Addressing tax, health care, and monetary policy is key to ensuring America’s economic future, says Steve Forbes, chairman of Forbes Media.
Forbes, a two-time candidate for the Republican presidential nomination and Board of Trustees member at The Heritage Foundation, laid out his “reforms that we need to get this country moving again” during a speaking engagement at The Heritage Foundation on Wednesday.
- Health Care
Forbes said that in health care, unlike any other industry, increased demand is seen as a challenge rather than an opportunity because the current system is more affected by bureaucratic demands than those of a free marketplace.
Claiming that the current structure of the health care system means “hospitals and clinics have to satisfy the third-party payer, not you, the individual,” Forbes advocated increased consumer choice and transparent medical service pricing.
“The crummiest motel in America wouldn’t dare put you in a room with another guest with a curtain in between, as they routinely do in hospitals … they wouldn’t do it if they thought the patient was really in charge, the patient was really the payer, that they had to satisfy the patient.”
- Federal Tax Code
Forbes also discussed his concerns with the current federal tax code, arguing that it is “beyond redemption” as compliance takes billions of dollars and countless hours away from innovations that could improve human lives.
“Why waste both massive resources and our best brains on such a stupid, dead-weight, unnecessary activity?” Forbes asked rhetorically, to applause from the crowd.
“Take this beast—I was going to say bury it, but you probably have to get an EPA [Environmental Protection Agency] permit to do it—and just throw the whole thing out.”
Instead, Forbes advocated a “straight and simple” federal flat tax plan, which he claimed would reduce everyone’s rate.
“You can literally [file your taxes with] a single piece of paper, a few keystrokes on your computer,” Forbes said.
- Monetary Policy
Forbes also talked about a return to the gold standard, in which every dollar’s value would be backed by gold reserves, saying it would ensure economic stability by protecting money’s value.
“When you have an unstable currency, since it is the basis of all our interactions, it undermines social trust,” Forbes said.
Arguing that money works by measuring value as a clock measures time, Forbes parodied current monetary policy by stating that a proposal for the Federal Reserve to similarly “float” the value of hours and minutes of the day would make life “chaotic.”

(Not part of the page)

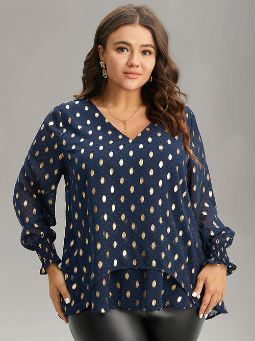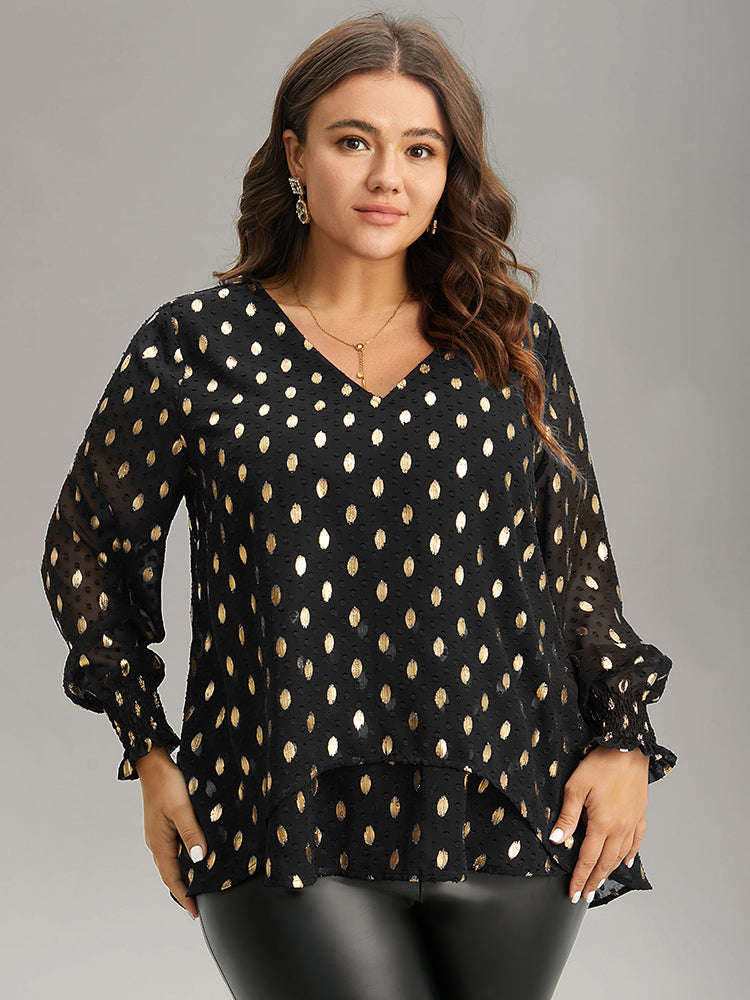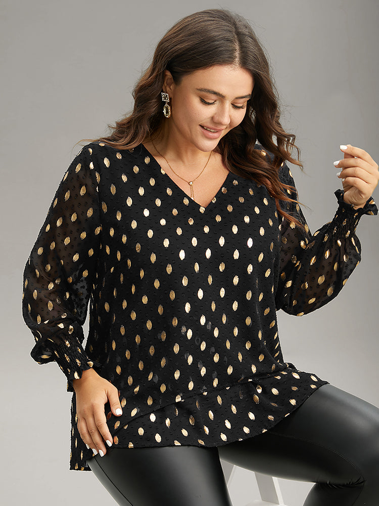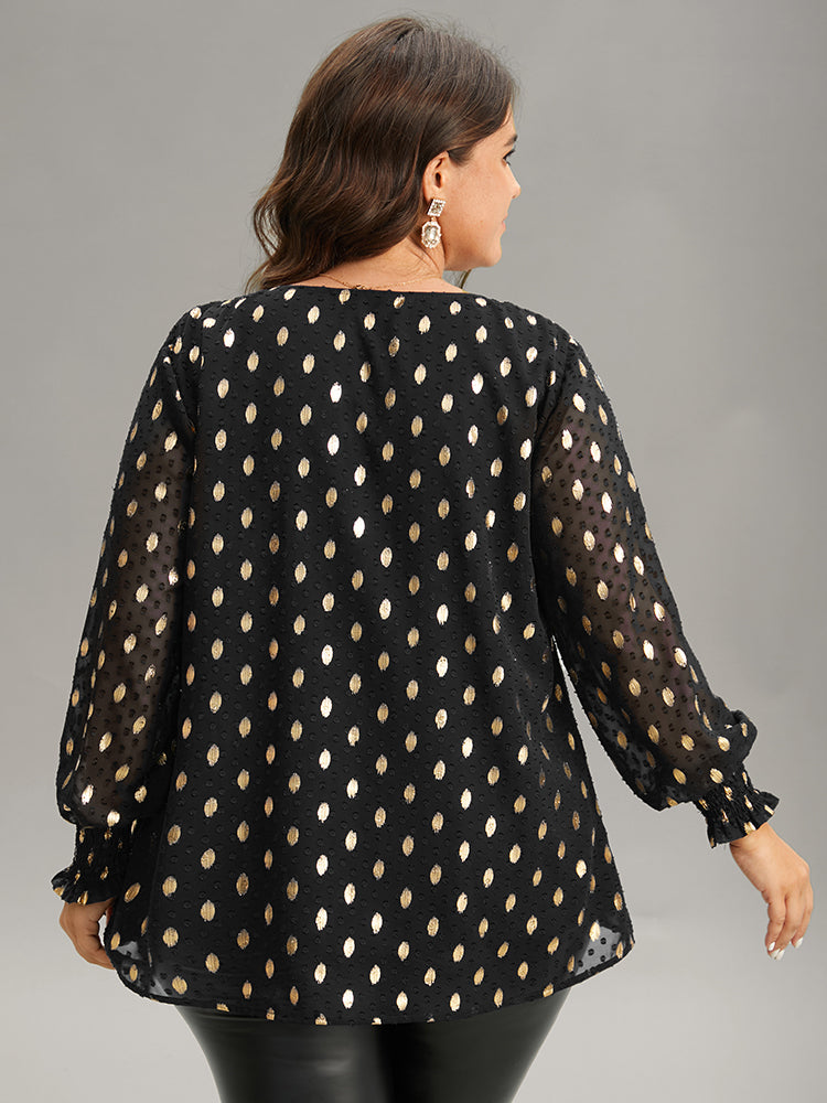 Glitter Polka Dot Textured Shirred Tiered Blouse
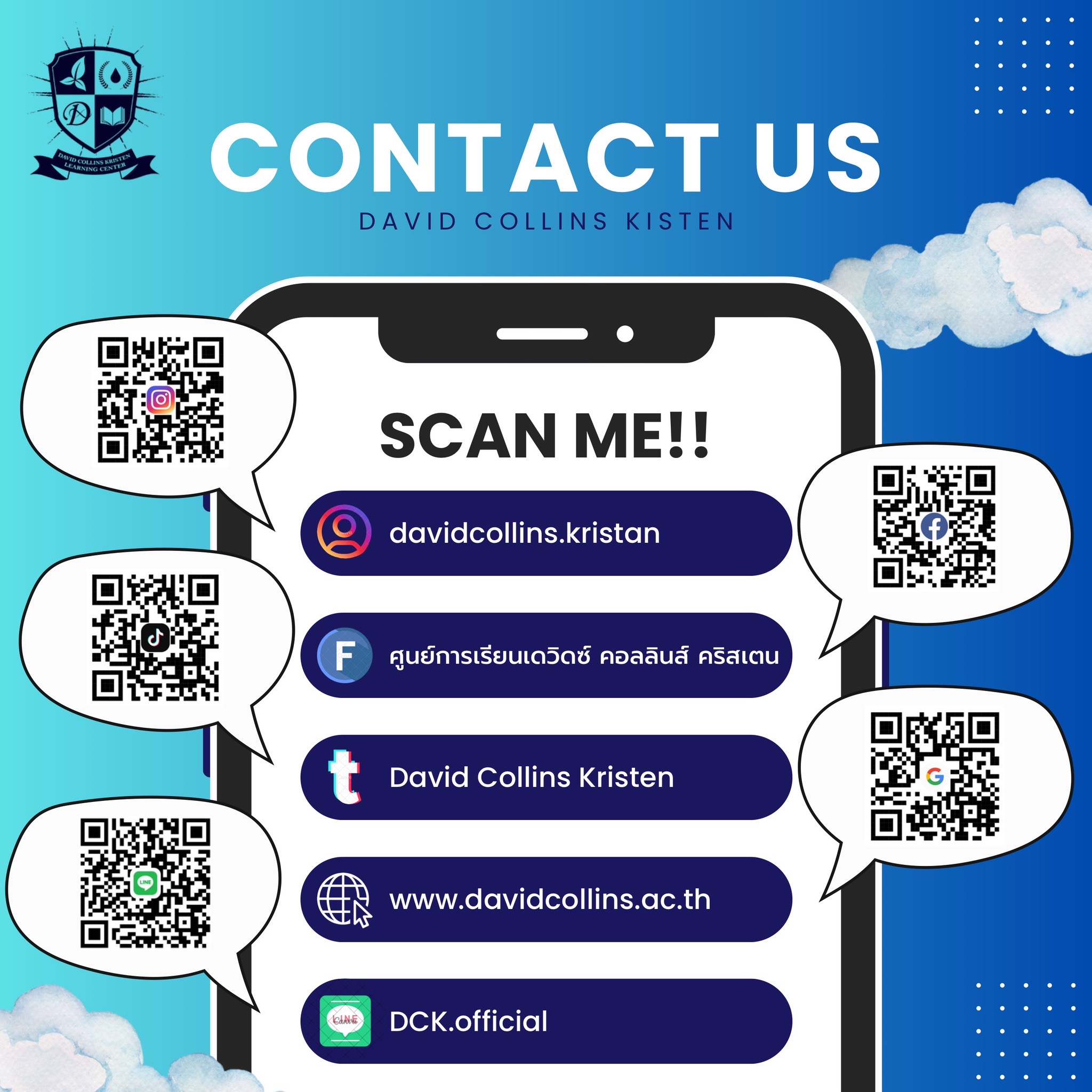 ช่องทางการติดต่อ/สื่อสาร ศูนย์การเรียนเดวิดซ์ คอลลินส์ คริสเตน

Forbes said uncertainty about the value of the return on investments makes it less likely that people will take risks, “so people buy what’s already there, like metals or buildings, rather than things that are unseen today.” He also said: “And so what we see out there today with all of this instability, we get less investment.”
The Federal Reserve’s suppressing of interest rates acts as a price control, which has “deformed the credit market,” Forbes said.
He added that “easy money” favors government and corporation growth, citing evidence that small and new businesses have less access to credit in the “supposed recovery” of the economy.
“When you have lending [and] all this regulation on banks deforming the credit markets, so you don’t know what the real price of money is, you get a disaster. That’s what we have today.
“The bottom line on all this: A lot of things have to be done, but you gotta do the big three,” Forbes said.
Forbes also promoted his newly released book, “Reviving America: How Repealing Obamacare, Replacing the Tax Code and Reforming the Fed Will Restore Hope and Prosperity.”
Forbes said his book is meant to “inform citizens in a very straightforward, understandable way so that they can become advocates and educators, because oftentimes candidates learn from the questions they get from citizens.”